Palet, gözlük ve şnorkeli alıp birlikte yüzmeye başladık. Onun gösterdiği yere ikinci dalışta alyansı gördüm. Kumlara gömülmemiş, yosunların arasında kaybolmamıştı. Avuçlayıp çıktım. Öylesine sevindi ki dalgaların üzerinde yürüyecek sandım!
Nihayet efsane ile tanışmış hatta ona “ağabey” deme ayrıcalığına ulaşmıştım!..

★★★

İtalya’daki başarılarından gurur duyuyor ama bir an önce yurda dönüp yeniden Fenerbahçe formasını giymesini özlüyorduk. O şanlı formayı sadece futbol maçlarında giymiyor, kulübünü basketbolda da başarıyla temsil ediyordu. Hem futbol, hem de basketbolda milli formayı giyen tek sporcuydu. Çok genç yaşta Fenerbahçe efsanesi olmayı başarmıştı.

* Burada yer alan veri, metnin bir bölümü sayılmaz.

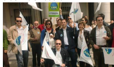
ANPE Extremadura ante el MEC por la jubilación anticipada

Con respecto al documento que hace unos días hizo público el Ministerio de Educación, ANPE Extremadura opina que es "incompleto" e "insuficiente" en algunos aspectos. Si bien es cierto contempla mejoras como la valoración del esfuerzo y evaluación del alumno o el carácter orientador de 4º de Educación Secundaria Obligatoria (ESO), el texto no recoge otros puntos que desde el sindicato consideran claves como es la mejora laboral y económica de los docentes o la prórroga de la jubilación anticipada. Es innegociable el hecho de que se prorrogue dos años más hasta que se regularice el futuro del Estatuto Básico del Funcionario Docente , de modo que ANPE no firmará en ningún caso un pacto en el que no se incluya esta medida.
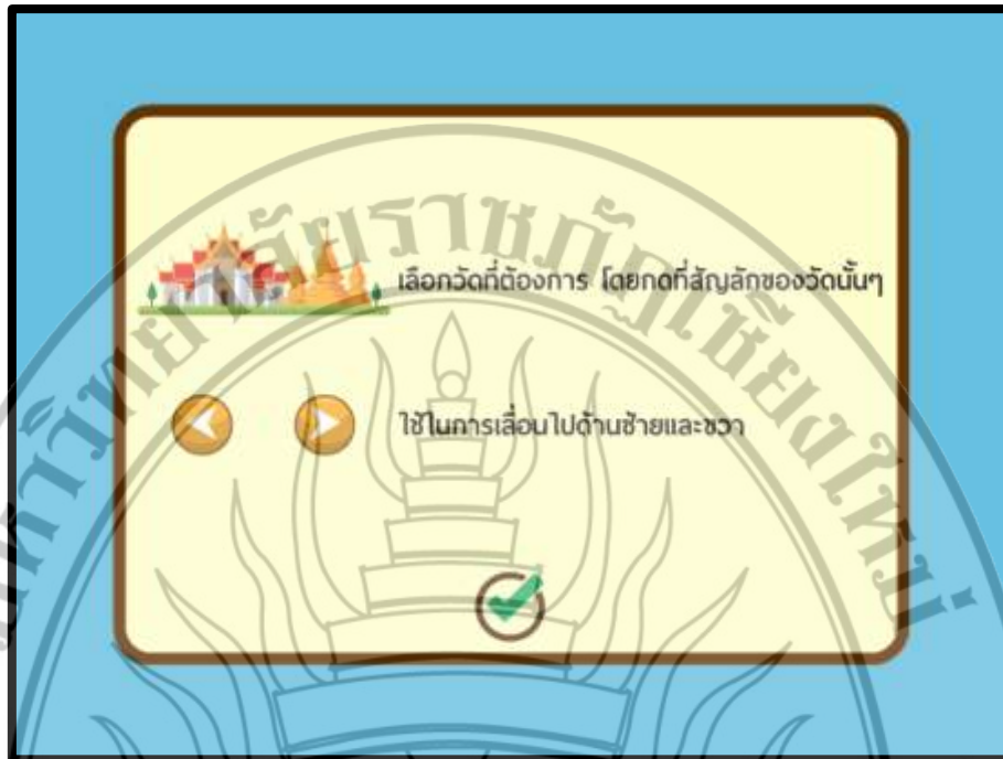
ภาพที่ 4.2 ฉากแนะนำโปรแกรม
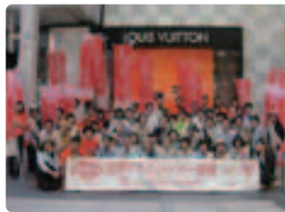
サプライズに、大喜び！ ●広島県支部 配布場所のブランド店が気を利かせて店をオレンジにライトアップしてくれました
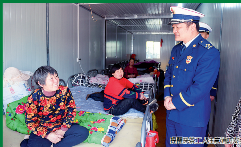
提醒采茶工人注意消防安全
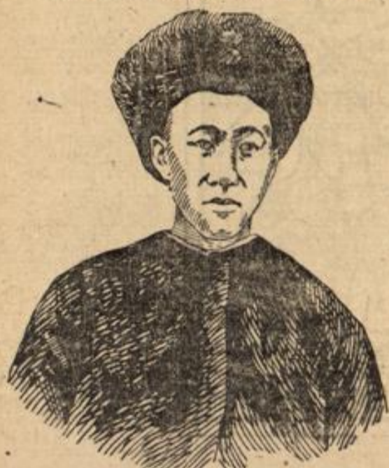
Prinz Tschun, der chinesische Sühnegesandte in Berlin.

Seute, Montag, 26. August, sollte die chinesische Sühnegesandtschaft unter Führung des Bruders des Kaisers von China, Prinz Tschun, am Berliner Hofe eintreffen, weshalb wir unseren Lesern bestehend ein Portrait des genannten Prinzen geben. Sein Eintreffen in Potsdam geschah mit großer Geleise. Der Prinz residirt im Neuen Orangeriegebäude zu Sanssouci, und wird vom Kaiser im Berliner Schloß am 27. August in feierlicher Audienz empfangen. Bei dieser Audienz im Weißen Saale sollen das kaiserliche Hauptquartier, die Generalität, die Admiralität, der Reichskanzler, die Staatsminister usw. zugegen sein. Als militärische Begleiter sind dem Prinzen beigegeben der Generalmajor v. Höpfer, der an der chinesischen Expedition teilgenommen hat, und Major Freiherr v. Lütow vom Generalstab des Gardekorps. Man hat den Hauptakt der Sühnemission mit Absicht nach der Hauptstadt des Deutschen Reiches verlegt und wird deshalb Prinz Tschun am 27. August von Potsdam nach Berlin fahren und dort vom Potsdamer Bahnhof durch

Taçsız Kral” Metin Oktay ağabeyin jübilesinde onunla formalarını değiştirmeleri nedeniyle, sadece Fenerbahçelilerin değil, tüm futbolseverlerin gönüllerinde taht kurmuştu.
Parlak bir zekâya sahipti. Müthiş espriler yapardı. Kadıköy kültürünün temsilcisi, güçlü, eğilip bükülmeyen, sağlam bir kişilikti. Onurunu her şeyden üstün tutardı.

★★★

Ona olan sevgi ve saygım öylesine büyüktü ki 2002’de dünyaya gelen ikiz çocuklarımızın erkeğine Bartu adını koyduk.

Bartu kendini bilmeye başladığında Can ağabeyin elini öpüp tanıştı. Bayramlarda onu aramayı hiç ihmal etmedi. Benden daha şanslı olduğundan, henüz 6-7 yaşlarında iken, onunla yan yana oturup Fenerbahçe’nin maçını bile seyretti!

★★★

Can ağabeyle, birçok yolculuğumuz oldu.

Bunlardan en unutulmazı Fenerbahçe’nin Roma’da, Lazio ile 1-1 berabere kaldığı karşılaşma için yaptığımız yolculuktu.

Maç sırasında tribünde yan yana oturuyor, Fenerbahçe’nin güzel futbolunu aramızda değerlendiriyorduk.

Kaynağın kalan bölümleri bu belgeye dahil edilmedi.